Too funny. I was thinking "How can you tell when a Mal is having a meltdown?" :-\"


----------



## ann schnerre (Aug 24, 2006)

Tina Rempel said:


> Too funny. I was thinking "How can you tell when a Mal is having a meltdown?" :-\"


 
now THAT'S too funny tina


----------



## Gerry Grimwood (Apr 2, 2007)

Tina Rempel said:


> Too funny. I was thinking "How can you tell when a Mal is having a meltdown?" :-\"


It's like how can you tell when a laywer is lying, the lips are moving.


----------



## ann schnerre (Aug 24, 2006)

oh gerry--that works for cowboys as well--the moving lips ALWAYS give them away....


----------



## Connie Sutherland (Mar 27, 2006)

... and teenagers ... and fishermen .... :lol:


----------



## ann schnerre (Aug 24, 2006)

ie, if the person is of the male sex, right? and we learned this lesson HOW???
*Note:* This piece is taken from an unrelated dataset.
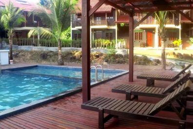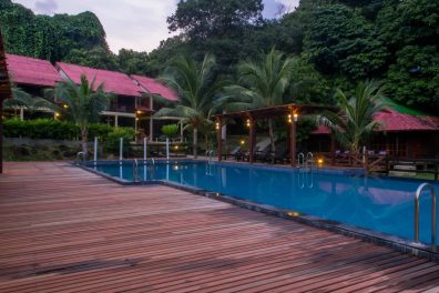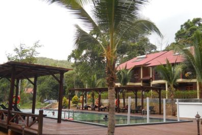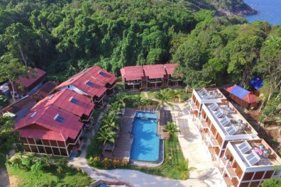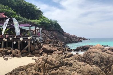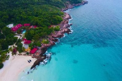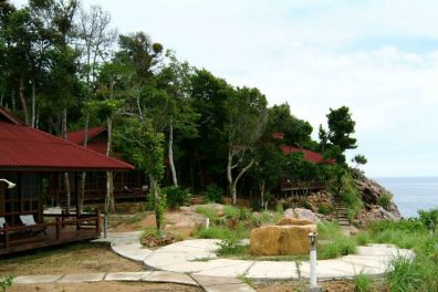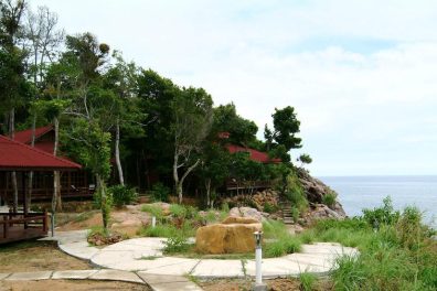 The resort has built overlooking the bay with crystal clear blue seawater, being built on the boulders against backdrop of the hillside and fronting the beach at Redang Island.
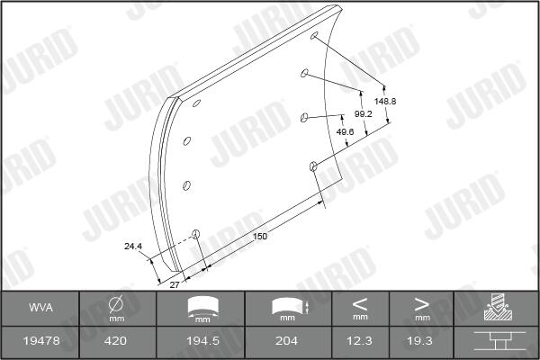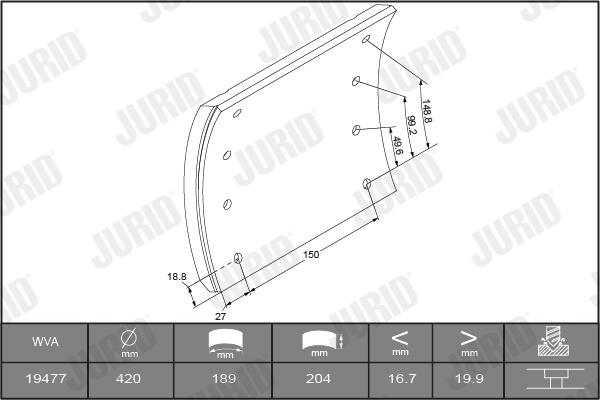 1947701070 stabdžių antdėklo rinkinys, būgninis stabdys1 Brake Lining Kit, drum brake WVA 19477

but don't think i'm a man-hater, i'm not; guys can be kinda fun...


----------



## Bob Scott (Mar 30, 2006)

Connie Sutherland said:


> ... and teenagers ... and fishermen .... :lol:


And dog trainers!


----------



## Jane King (Nov 24, 2007)

Dill does that too (the barking bit - not the lying) Especially when I first got him.

He's a working breed from a farm - so I suppose its a similar thing. His other thing is to get really wound up when he's waiting his turn if he sees another dog on the jumps or searching: he stands on his hind legs and make a noise like a hen laying an egg


----------